● Exercise objective
In the entries below, find the line with "Dressez vos verrines" and the line with "Плоский моп Hq". Repeat exactly everything between them, those two lines included, but not the pictures.

● Dataset
--------------------------------

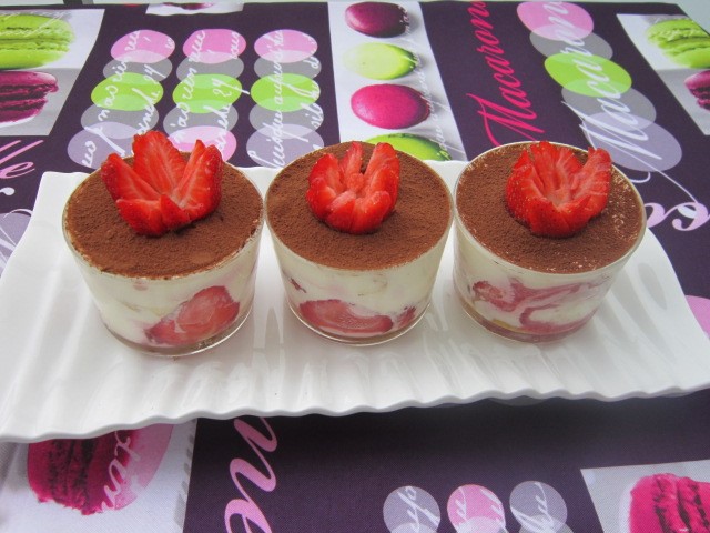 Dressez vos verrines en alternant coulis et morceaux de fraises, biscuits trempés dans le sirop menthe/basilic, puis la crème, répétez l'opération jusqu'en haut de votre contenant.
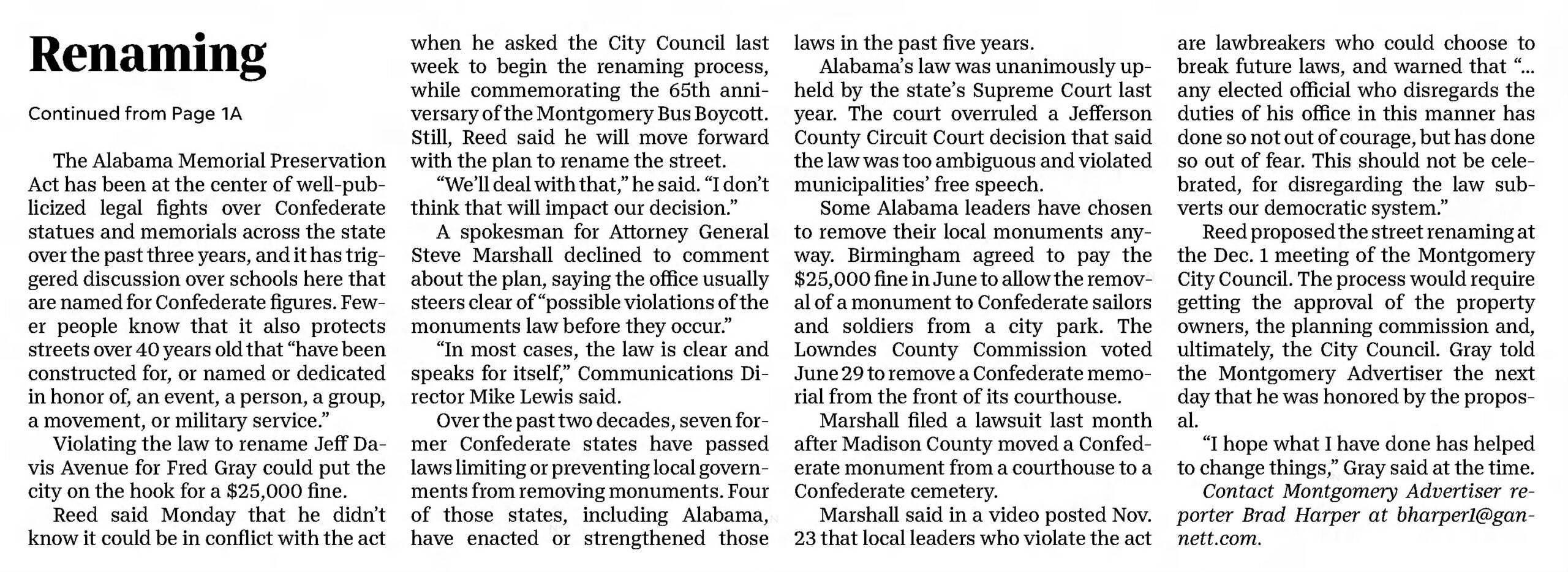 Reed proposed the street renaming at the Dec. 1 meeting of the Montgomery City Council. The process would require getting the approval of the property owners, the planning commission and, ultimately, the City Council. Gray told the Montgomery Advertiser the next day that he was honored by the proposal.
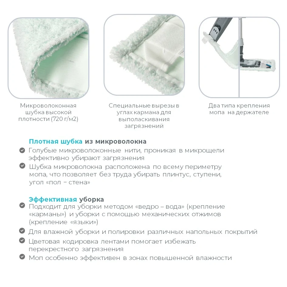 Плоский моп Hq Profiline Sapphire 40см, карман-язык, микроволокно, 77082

--------------------------------

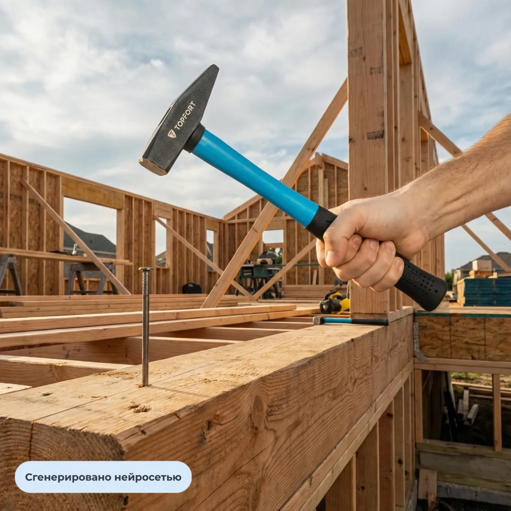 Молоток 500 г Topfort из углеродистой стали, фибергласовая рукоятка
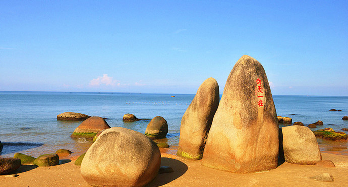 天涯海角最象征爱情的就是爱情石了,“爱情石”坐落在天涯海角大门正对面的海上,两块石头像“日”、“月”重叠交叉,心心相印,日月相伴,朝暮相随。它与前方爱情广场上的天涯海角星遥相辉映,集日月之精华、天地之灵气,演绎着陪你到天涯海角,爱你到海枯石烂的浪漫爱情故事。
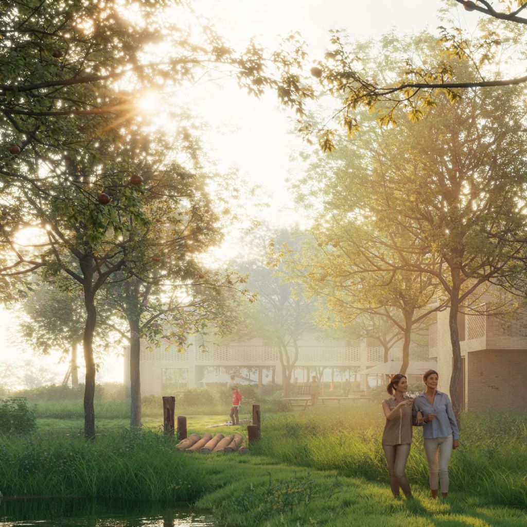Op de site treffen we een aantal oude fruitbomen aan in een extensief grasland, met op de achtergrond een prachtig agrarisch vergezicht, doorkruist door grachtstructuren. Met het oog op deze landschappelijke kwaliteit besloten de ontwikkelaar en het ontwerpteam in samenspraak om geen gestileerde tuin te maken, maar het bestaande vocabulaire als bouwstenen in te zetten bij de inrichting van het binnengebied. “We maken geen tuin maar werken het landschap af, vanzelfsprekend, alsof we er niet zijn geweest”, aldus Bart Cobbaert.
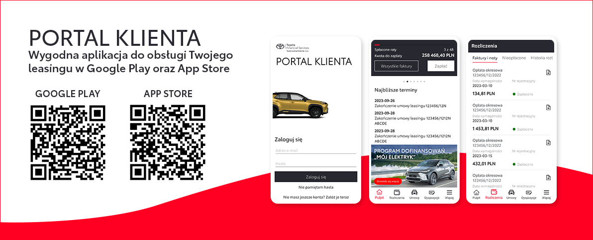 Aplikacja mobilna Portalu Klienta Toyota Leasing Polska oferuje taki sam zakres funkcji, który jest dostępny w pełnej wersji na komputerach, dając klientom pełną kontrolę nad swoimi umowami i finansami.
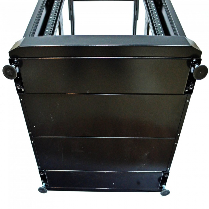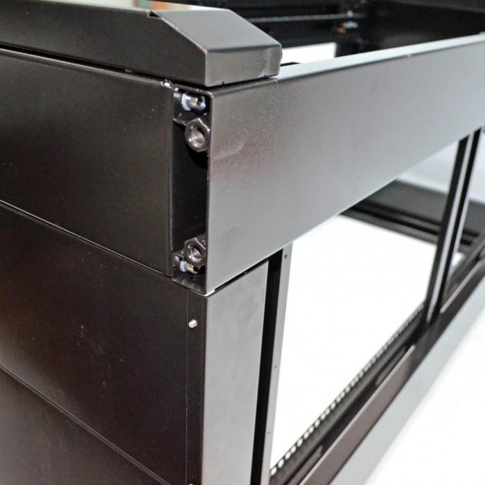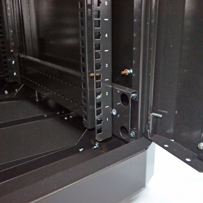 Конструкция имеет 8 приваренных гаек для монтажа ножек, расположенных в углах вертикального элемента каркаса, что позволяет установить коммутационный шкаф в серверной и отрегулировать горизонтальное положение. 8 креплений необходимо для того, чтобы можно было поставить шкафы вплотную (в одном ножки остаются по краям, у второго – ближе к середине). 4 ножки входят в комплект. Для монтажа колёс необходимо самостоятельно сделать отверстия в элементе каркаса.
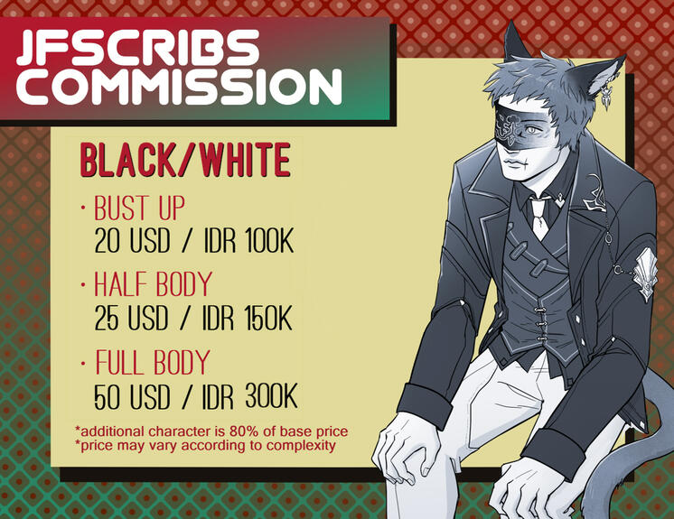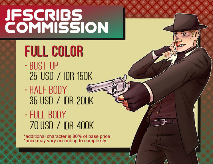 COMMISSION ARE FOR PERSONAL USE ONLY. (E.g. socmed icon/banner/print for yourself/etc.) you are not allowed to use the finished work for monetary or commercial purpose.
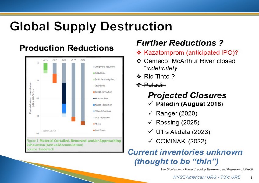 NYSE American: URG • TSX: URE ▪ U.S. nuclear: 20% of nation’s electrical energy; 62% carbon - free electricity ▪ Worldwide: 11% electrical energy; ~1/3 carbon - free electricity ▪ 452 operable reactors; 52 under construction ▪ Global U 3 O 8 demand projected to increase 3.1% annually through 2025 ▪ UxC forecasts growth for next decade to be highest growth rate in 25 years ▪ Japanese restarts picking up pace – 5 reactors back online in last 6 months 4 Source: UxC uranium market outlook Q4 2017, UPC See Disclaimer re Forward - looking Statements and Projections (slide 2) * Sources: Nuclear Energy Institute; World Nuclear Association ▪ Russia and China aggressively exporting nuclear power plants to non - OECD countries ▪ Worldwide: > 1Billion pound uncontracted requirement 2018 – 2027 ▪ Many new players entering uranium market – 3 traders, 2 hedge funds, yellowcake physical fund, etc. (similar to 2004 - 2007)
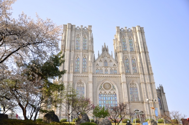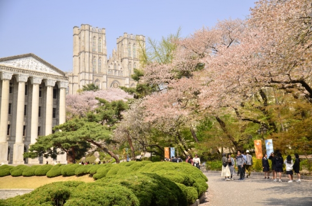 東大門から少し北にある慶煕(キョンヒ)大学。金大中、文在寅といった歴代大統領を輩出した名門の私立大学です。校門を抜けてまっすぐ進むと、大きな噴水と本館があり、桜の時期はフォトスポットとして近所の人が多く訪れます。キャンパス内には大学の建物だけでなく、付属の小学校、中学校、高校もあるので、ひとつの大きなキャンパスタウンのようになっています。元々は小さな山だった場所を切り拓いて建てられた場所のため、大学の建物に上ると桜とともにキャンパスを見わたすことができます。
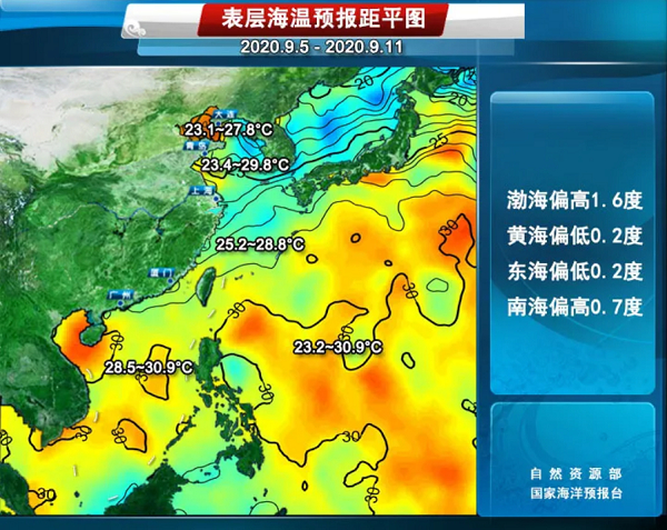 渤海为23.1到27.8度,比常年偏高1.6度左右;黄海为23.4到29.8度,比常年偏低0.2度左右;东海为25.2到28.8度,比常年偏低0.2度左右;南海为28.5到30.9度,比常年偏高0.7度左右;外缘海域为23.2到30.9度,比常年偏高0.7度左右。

--------------------------------

● Task result
 Dressez vos verrines en alternant coulis et morceaux de fraises, biscuits trempés dans le sirop menthe/basilic, puis la crème, répétez l'opération jusqu'en haut de votre contenant.
 Reed proposed the street renaming at the Dec. 1 meeting of the Montgomery City Council. The process would require getting the approval of the property owners, the planning commission and, ultimately, the City Council. Gray told the Montgomery Advertiser the next day that he was honored by the proposal.
 Плоский моп Hq Profiline Sapphire 40см, карман-язык, микроволокно, 77082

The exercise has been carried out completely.